== Source material
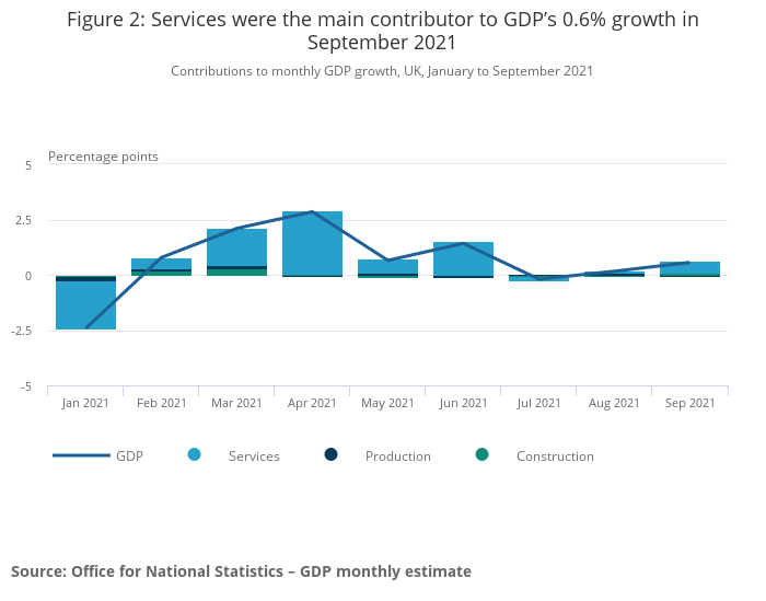 Figure 2: Services were the main contributor to GDP’s 0.6% growth in September 2021
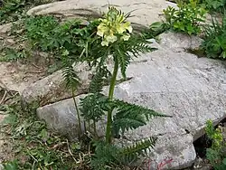 - Ulistnienie skrętoległe. Liście nagie, duże, pierzastosieczne, piłkowano ząbkowane. Najwyższe liście są tylko pierzastoklapowane. Łatki oraz ząbki liści o szerokości 1,5–3 mm są podługowate lub jajowate[7].
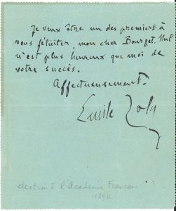 Le jour même de l’élection de Paul Bourget à l’Académie française.« Je veux être un des premiers à vous féliciter, mon cher Bourget. Nul n’est plus heureux que moi de votre succès »…
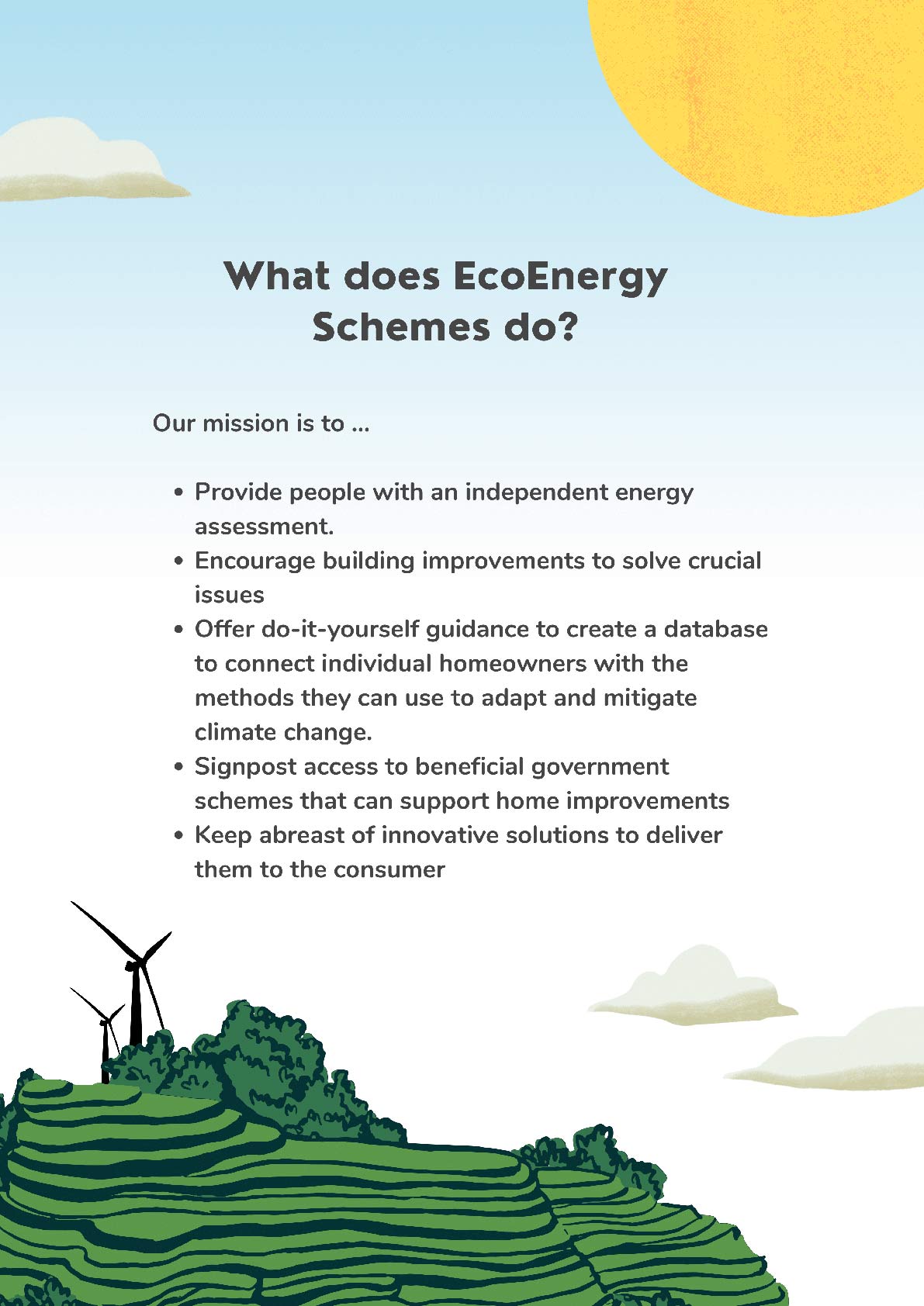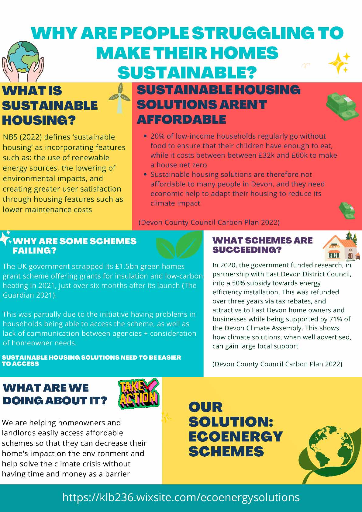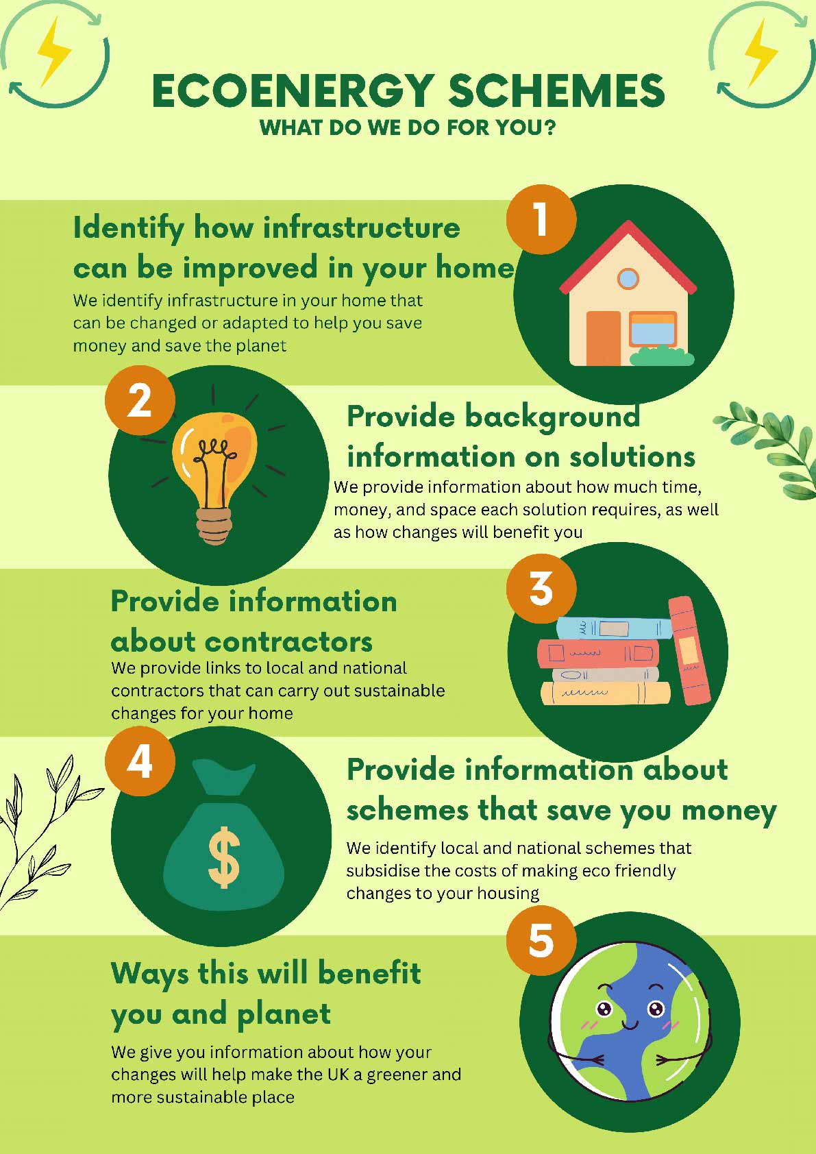 This group created a website that would act as a hub for schemes to improve home energy efficiency. EcoEnergy created a business plan that explained their plans to compile the schemes created by the government, local councils, and private businesses that provide advice and money to individuals wanting to improve the energy efficiency of their homes.
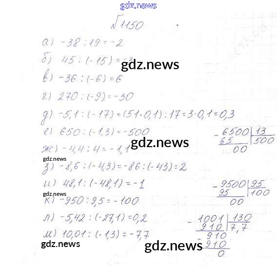 Как эффективно готовиться к домашним заданиям по Математике за 6 класс: лучшие стратегии и советы на gdz.news. Здесь подготовлен Учебник Виленкин, Жохов, Чесноков, Шварцбурд - §7. Умножение и деление положительных и отрицательных чисел 1150 и готовые ответы к ним. Сверяй домашку и получай отличные оценки!
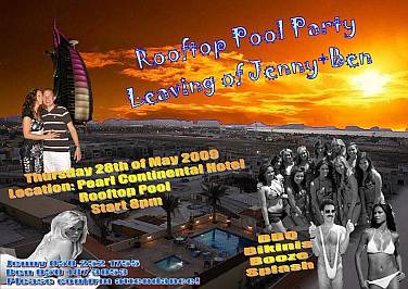 The Leaving Party ... Ben decided to go back to Germany for job reasons, and of course Jenny had to come along. A great Leaving Party with all dear lovely friends was arranged at the rooftop pool of the Pearl Continental Hotel in Dubai - of course without any alcohol ...
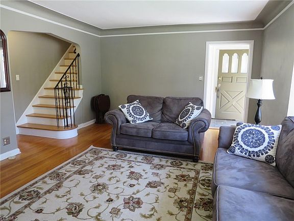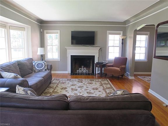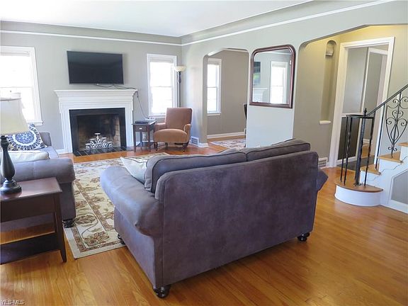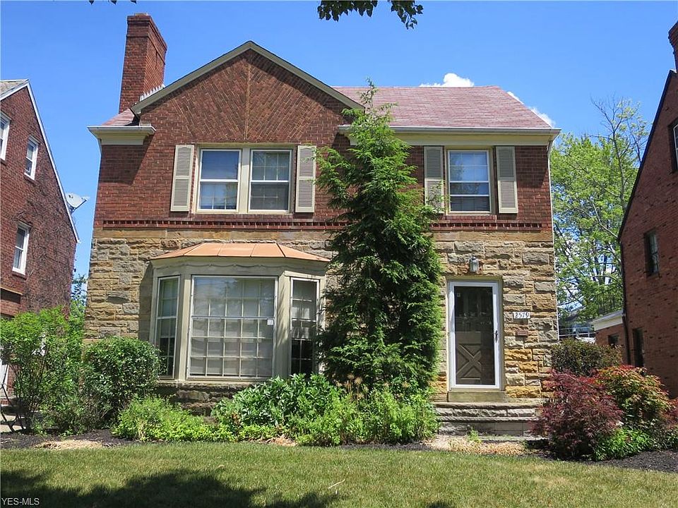 Adorable stone and brick colonial, meticulously maintained and updated by current owner with lovely architectural details including cove ceilings, arched doorways & wood floors throughout. Light filled living room with large bay window and fireplace opens to formal dining room with charming built-in corner china cabinet. Accessed off the dining room is a sunroom/enclosed porch with tile floor and door leading to a patio and the lovely rear yard. The recently updated kitchen offers newer counters, flooring, cabinets and stainless appliances and a separate breakfast room with a wall of built-in cabinets for additional storage. The staircase to the second floor has pretty wrought iron handrails. The second level features a master bedroom with two closests, two more bedrooms, one with access to a second floor balcony and a recently improved full bath with convenient separate tub and shower. There is a fourth bedroom and full bath with luxurious claw foot soaking tub on the third floor. A large finished recreation room with fireplace and wet bar complete this special home. Recent updates include: newer furnace, AC, hot water tank and more. Located within walking distance to John Carroll University and Fairmount Circle. Close to schools, shopping and hospitals with easy access to University Circle, CASE, University Hospitals, Cleveland Clinic and Downtown. Do not miss this delightful home!
====
== Task objective ==
Reproduce every record verbatim, please. Omit the images.

== Result ==
 Figure 2: Services were the main contributor to GDP’s 0.6% growth in September 2021
 - Ulistnienie skrętoległe. Liście nagie, duże, pierzastosieczne, piłkowano ząbkowane. Najwyższe liście są tylko pierzastoklapowane. Łatki oraz ząbki liści o szerokości 1,5–3 mm są podługowate lub jajowate[7].
 Le jour même de l’élection de Paul Bourget à l’Académie française.« Je veux être un des premiers à vous féliciter, mon cher Bourget. Nul n’est plus heureux que moi de votre succès »…
 This group created a website that would act as a hub for schemes to improve home energy efficiency. EcoEnergy created a business plan that explained their plans to compile the schemes created by the government, local councils, and private businesses that provide advice and money to individuals wanting to improve the energy efficiency of their homes.
 Как эффективно готовиться к домашним заданиям по Математике за 6 класс: лучшие стратегии и советы на gdz.news. Здесь подготовлен Учебник Виленкин, Жохов, Чесноков, Шварцбурд - §7. Умножение и деление положительных и отрицательных чисел 1150 и готовые ответы к ним. Сверяй домашку и получай отличные оценки!
 The Leaving Party ... Ben decided to go back to Germany for job reasons, and of course Jenny had to come along. A great Leaving Party with all dear lovely friends was arranged at the rooftop pool of the Pearl Continental Hotel in Dubai - of course without any alcohol ...
 Adorable stone and brick colonial, meticulously maintained and updated by current owner with lovely architectural details including cove ceilings, arched doorways & wood floors throughout. Light filled living room with large bay window and fireplace opens to formal dining room with charming built-in corner china cabinet. Accessed off the dining room is a sunroom/enclosed porch with tile floor and door leading to a patio and the lovely rear yard. The recently updated kitchen offers newer counters, flooring, cabinets and stainless appliances and a separate breakfast room with a wall of built-in cabinets for additional storage. The staircase to the second floor has pretty wrought iron handrails. The second level features a master bedroom with two closests, two more bedrooms, one with access to a second floor balcony and a recently improved full bath with convenient separate tub and shower. There is a fourth bedroom and full bath with luxurious claw foot soaking tub on the third floor. A large finished recreation room with fireplace and wet bar complete this special home. Recent updates include: newer furnace, AC, hot water tank and more. Located within walking distance to John Carroll University and Fairmount Circle. Close to schools, shopping and hospitals with easy access to University Circle, CASE, University Hospitals, Cleveland Clinic and Downtown. Do not miss this delightful home!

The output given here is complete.